Поскольку, подобно искусству и философии, любовь являлась фактором разрушительным, она, возможно, никогда не выходила у нас на первый план. Но окружающий мир был ею буквально пропитан. На протяжении веков любовь, чувственная жизнь, завоевание сердец играли главную роль в литературе, в театре, в повседневной жизни. По мере того как ветшали и рушились препятствия, воздвигавшиеся строгими нравами, писатели, поэты, социологи и моралисты наперегонки воспевали победы любви. Но скоро наступило время, когда уничтожение препятствий лишило всякого смысла какие-либо усилия. Никто не нуждается в препятствиях больше, чем Ловелас или Дон Жуан и даже чем Тристан или Ромео. Свобода нравов не способствовала укрупнению роли любви, которая, дабы расти, должна поначалу подпитываться несчастьями, трудностями, помехами. Мы постепенно входили в общество терпимости, которое в области чувств применяет стратегию выжженной земли, ибо уничтожает саму пищу любви. Энергия не хотела расходовать себя в заведомо выигранных боях. И только романисты — возможно, не лучшие — упорно продолжали придумывать любовные истории, продолжали толочь воду в ступе, хотя это уже никого не интересовало. Еще у Сида, Адольфа, Фабрицио дель Донго был какой-то смысл. Но уже у Жюльена Сореля любовь уходила на второй план, уступая классовой борьбе. Жорж де Порто-Риш, Октав Фёйе и Поль Бурже несколько опоздали, чтобы рассчитывать занять достойные места в истории сердечных приключений. Маркс одержал верх над Расином. А революция — над анализом чувств.

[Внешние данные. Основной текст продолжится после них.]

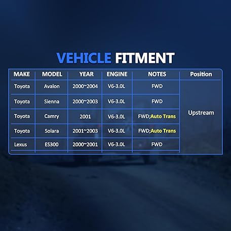 • Maxfavor 234-9021 Upstream O2 Sensor Oxygen Sensor for 2001 Toyota Camry, 2001 2002 2003 Sienna Solara, 2000 2001-2004 Toyota Avalon, for 2000-2001 Lexus ES300 3.0L V6 FWD O2 Sensor 250-54057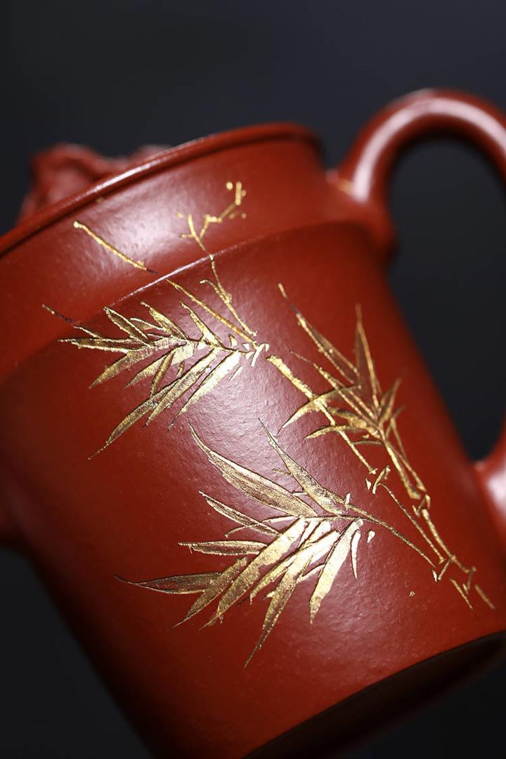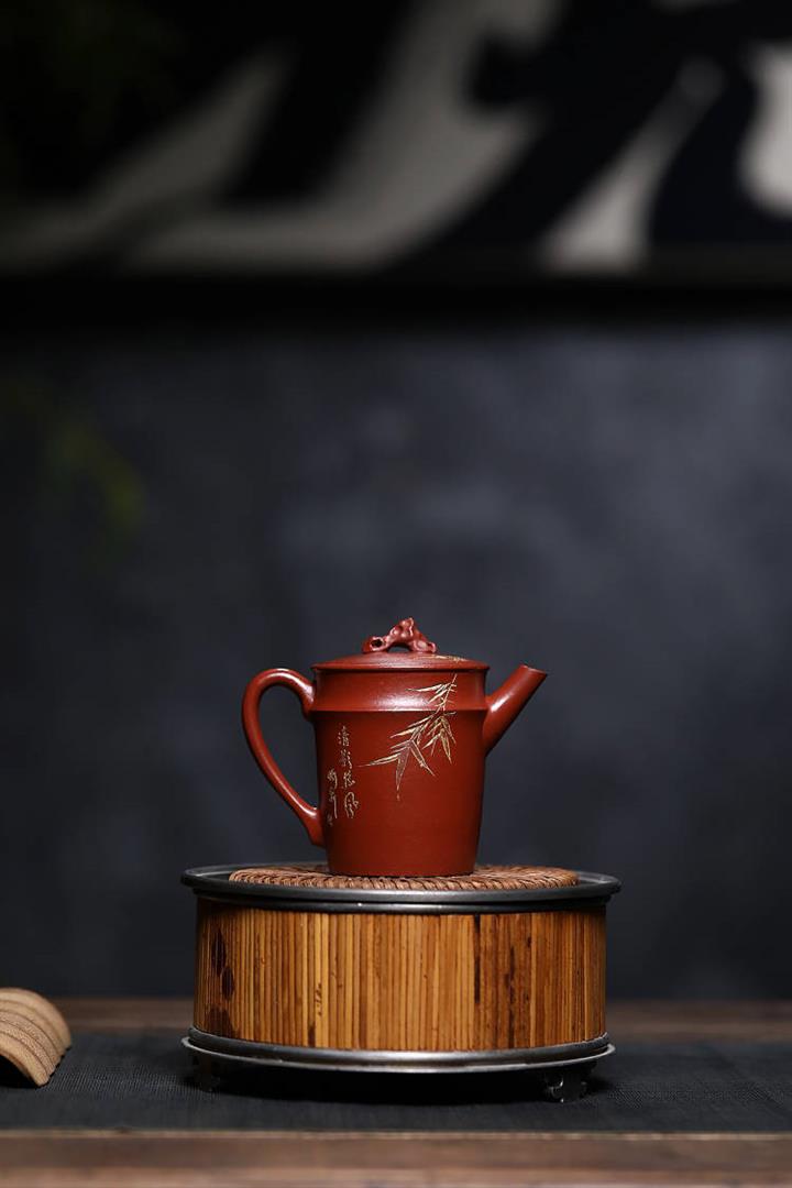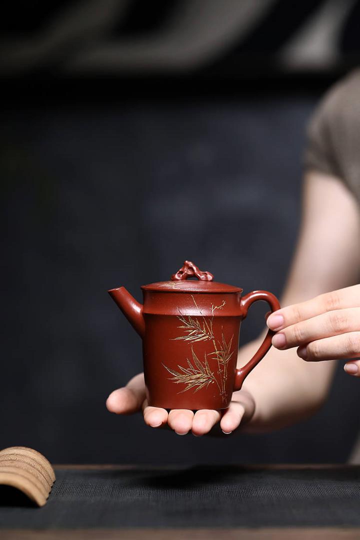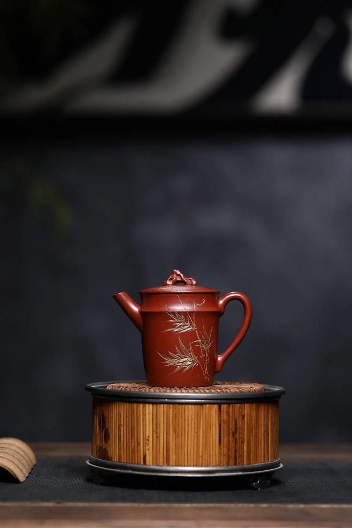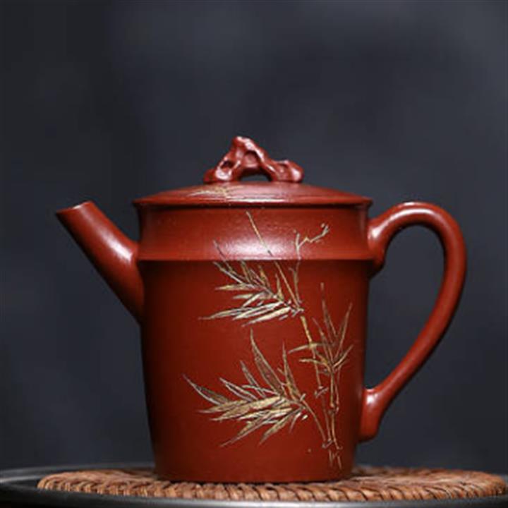 原礦綠泥手工鳥語花香竹節高升茶壺POT6802

Первым среди нас это понял Клод: его жизнь была занята не традициями и не чувствами, а политикой. И он обратился к Карлу Марксу, как в свое время мой отец обратился к романтизму, вызвав тем самым скандал в благородном семействе. Но во время войны Клод отвлекся от Маркса, обернувшись к де Голлю. После ухода де Голля он лет на десять снова вернулся к Карлу Марксу: объектом его поклонения стал Сталин. Думаю, что не ошибусь, сказав, что в Сталине он нашел нечто вроде образа если не отца, то деда. До этого в глазах мира или же в глазах нашей семьи то Петен, то Черчилль, то де Голль, то, разумеется, дедушка по очереди играли роль Моисея, шествующего во главе древних евреев. Настала очередь Сталина. В нем сливались воедино Карл Великий и страшный Карабас-Барабас, который всем злым определял место слева, куда лучше было не попадать, а всем добрым — справа, где было едва ли лучше. И тем не менее Клод восхищался им. И любил его. А слухи об истинных отношениях между Лениным и будущим генералиссимусом, о концлагерях в Сибири, о неслыханных жестокостях сталинской диктатуры отстранял от себя как полемические аргументы, как происки фашизма: сомневаться в Сталине значило делать выбор в пользу Гитлера. Когда де Голль ушел в тень, Клод отбросил в сторону сомнения. Он ездил в Прагу, в Варшаву, в Будапешт, в Москву. Он довольно хорошо играл роль попутчика, как тогда говорили. В партию он не вступал, но, как и в предвоенные годы, разделял ее судьбу. А 1956 год ознаменовался для него событиями еще более мрачными, чем для нас всех стала потеря Плесси-ле-Водрёя.